Camera redirection aims to replay a dynamic scene from a single monocular video under a user-specified camera trajectory. However, large-angle redirection is inherently ill-posed: a monocular video captures only a narrow spatio-temporal view of a dynamic 3D scene, providing severely limited observations of the underlying 4D world. The key challenge is therefore to recover a complete and coherent representation from this limited input, with consistent geometry and motion. While recent diffusion-based methods achieve impressive visual generation quality, they often break down under large-angle viewpoint changes far from the original trajectory, where missing visual grounding leads to severe geometric ambiguity and temporal inconsistency. We present FreeOrbit4D, an effective training-free framework that tackles this ambiguity by recovering a foreground-complete 4D proxy as structural grounding for video generation. We obtain this proxy by decoupling foreground and background reconstructions: we unproject the monocular video into a static background and partial foreground point clouds in a unified global space, then use an object-centric multi-view diffusion model to synthesize multi-view images and reconstruct complete foreground point clouds in canonical object space. By aligning the canonical foreground point cloud to the global scene space via dense pixel-synchronized 3D-3D correspondences and projecting the foreground-complete 4D proxy onto target camera viewpoints, we provide geometric scaffolds that guide a conditional video diffusion model. Extensive experiments show that FreeOrbit4D produces more faithful and temporally coherent redirected videos under challenging large-angle trajectories, and our proxy further enables applications such as edit propagation and 4D data generation. Project page: https://freeorbit4d.vision.ischool.illinois.edu/

Editorial analysis

A structured set of objections, weighed in public.

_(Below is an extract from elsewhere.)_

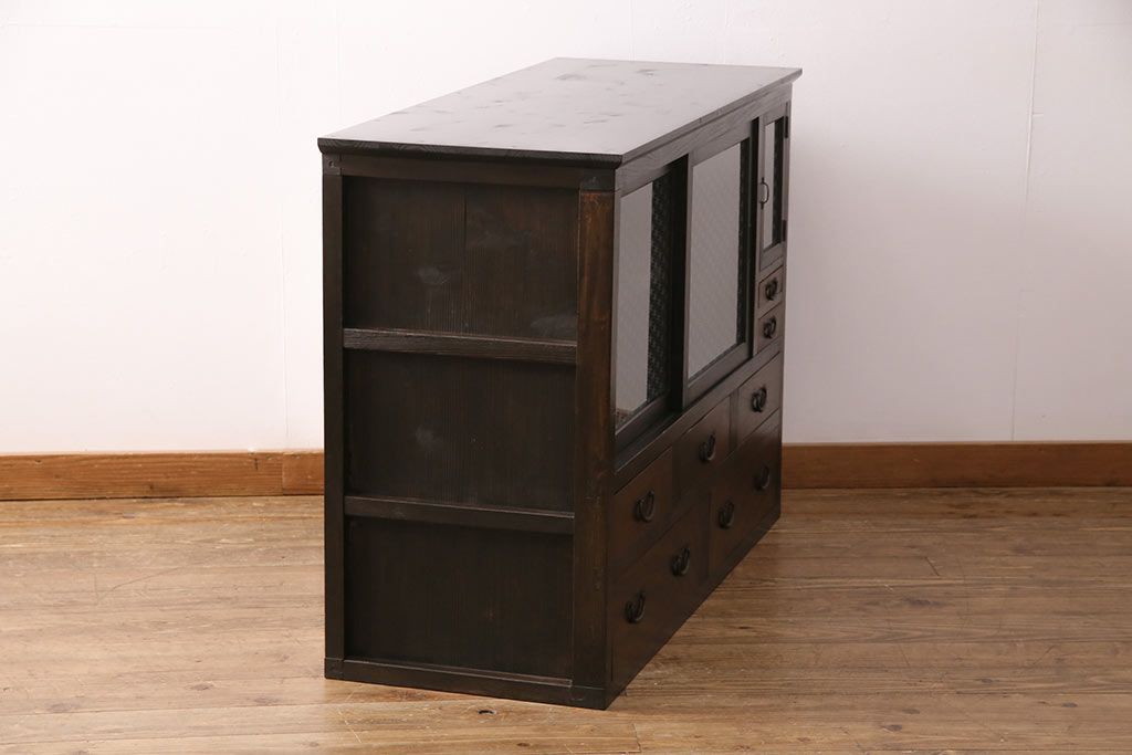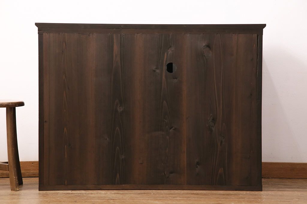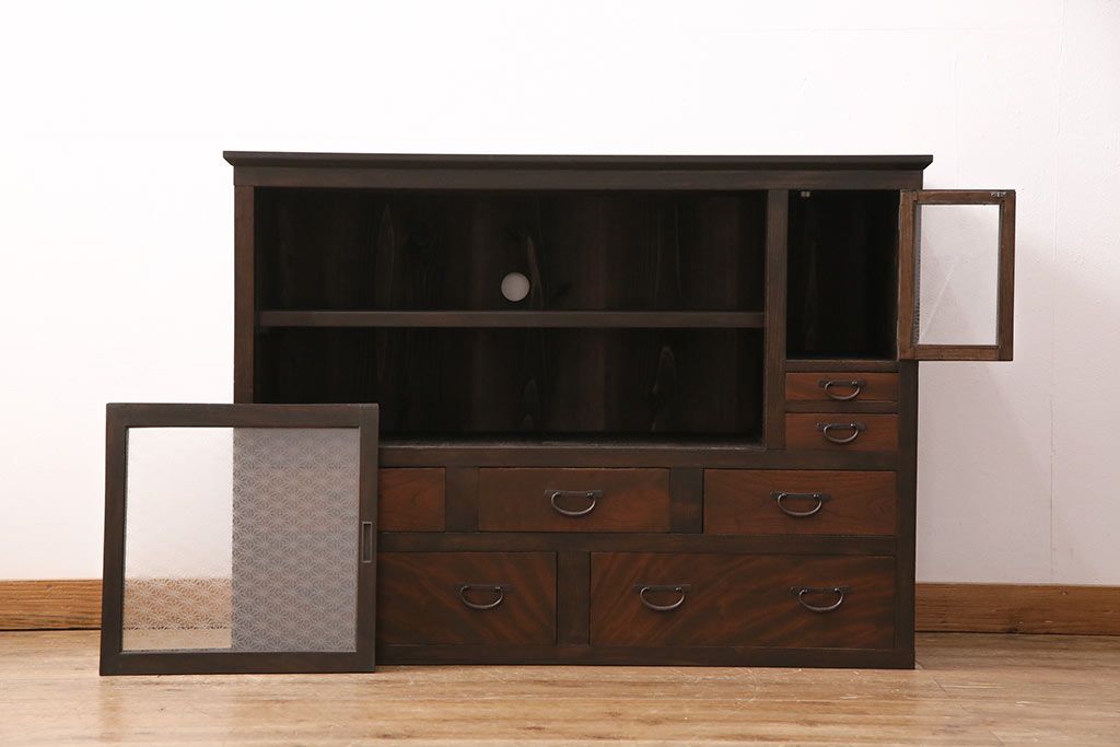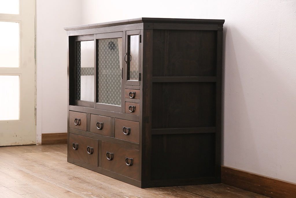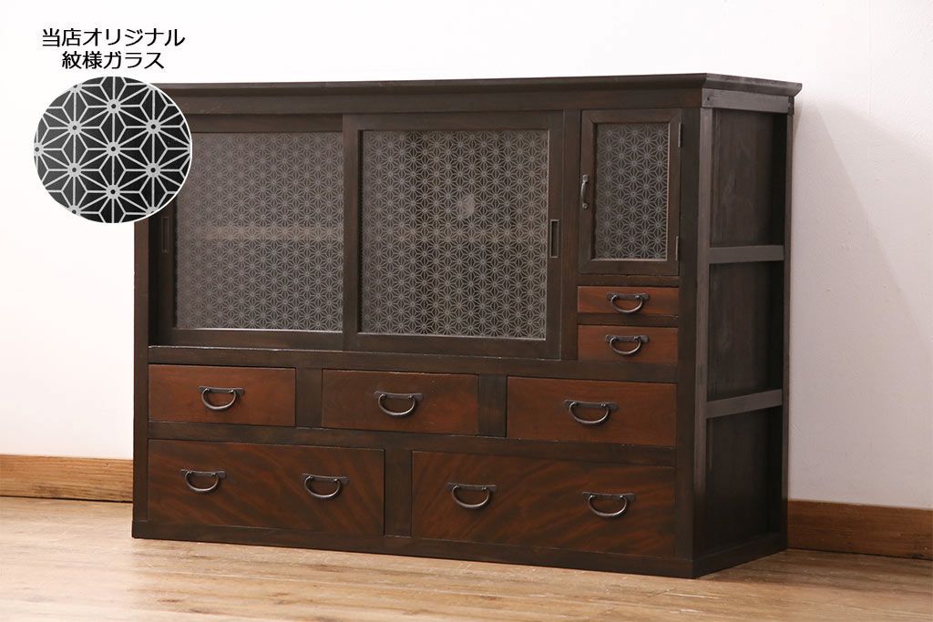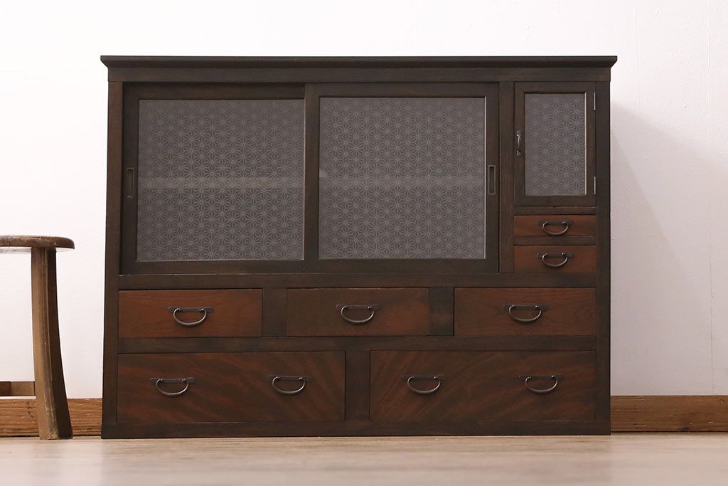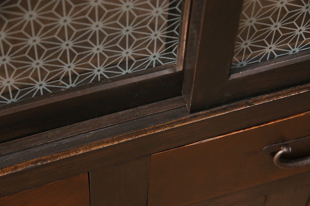 大正期の関東水屋箪笥をリペア&カスタム!左上戸内に棚板を追加し、背面穴開け加工。ヒノキ無垢材の天板を取り付け。板戸を麻の葉模様ガラスに入れ替え。本体は濃い茶色、引き出し前板は明るめの茶色に着色し仕上げ。(収納棚、戸棚、食器棚)

Desk editor's note, referee report, simulated authors' rebuttal, and a circularity audit. Tearing a paper down is the easy half of reading it; the pith above is the substance, this is the friction.

Referee Report

2 major / 2 minor

Summary. The manuscript presents FreeOrbit4D, a training-free framework for arbitrary camera redirection in monocular videos of dynamic scenes. It decouples foreground and background by unprojecting the input video into a static background and partial foreground point clouds in global space, employs an object-centric multi-view diffusion model to synthesize multi-view images and reconstruct a complete foreground point cloud in canonical object space, aligns the canonical foreground to global space via dense pixel-synchronized 3D-3D correspondences, and projects the resulting foreground-complete 4D proxy onto target camera viewpoints to supply geometric scaffolds that condition a video diffusion model for the redirected output. The work claims improved faithfulness and temporal coherence under large-angle trajectories compared to prior diffusion-based methods, plus utility for edit propagation and 4D data generation.

Significance. If the central claim holds, the result would be significant for computer vision and graphics: it provides an explicit, training-free geometric proxy to mitigate ambiguity in large-viewpoint video synthesis, which could improve reliability in applications such as novel-view video replay, virtual cinematography, and dynamic scene editing without dataset-specific fine-tuning.

major comments (2)
  1. The pipeline's load-bearing step is the object-centric multi-view diffusion model's ability to synthesize geometrically consistent multi-view images of the foreground from the narrow viewpoint range and motion present in a monocular video (described in the abstract and method overview). The manuscript provides no quantitative evaluation, error analysis, or ablation of reconstruction accuracy or viewpoint consistency for this completion step; if the synthesized views contain inconsistencies or hallucinations, the canonical point cloud, its alignment via 3D-3D correspondences, and the projected scaffolds will propagate errors directly into the final redirected video.
  2. Abstract: the claim of 'more faithful and temporally coherent redirected videos under challenging large-angle trajectories' is presented without reference to specific metrics, baseline comparisons, or failure-case analysis in the provided text. This makes it impossible to assess whether the 4D proxy actually resolves the geometric ambiguity that prior diffusion methods encounter.
minor comments (2)
  1. Clarify the exact form of the dense pixel-synchronized 3D-3D correspondences used for alignment (e.g., whether they are computed from optical flow, depth, or learned features) and how they handle dynamic foreground motion.
  2. The abstract mentions enabling 'edit propagation and 4D data generation' as applications of the proxy; a brief qualitative example or description of these uses would strengthen the contribution without requiring new experiments.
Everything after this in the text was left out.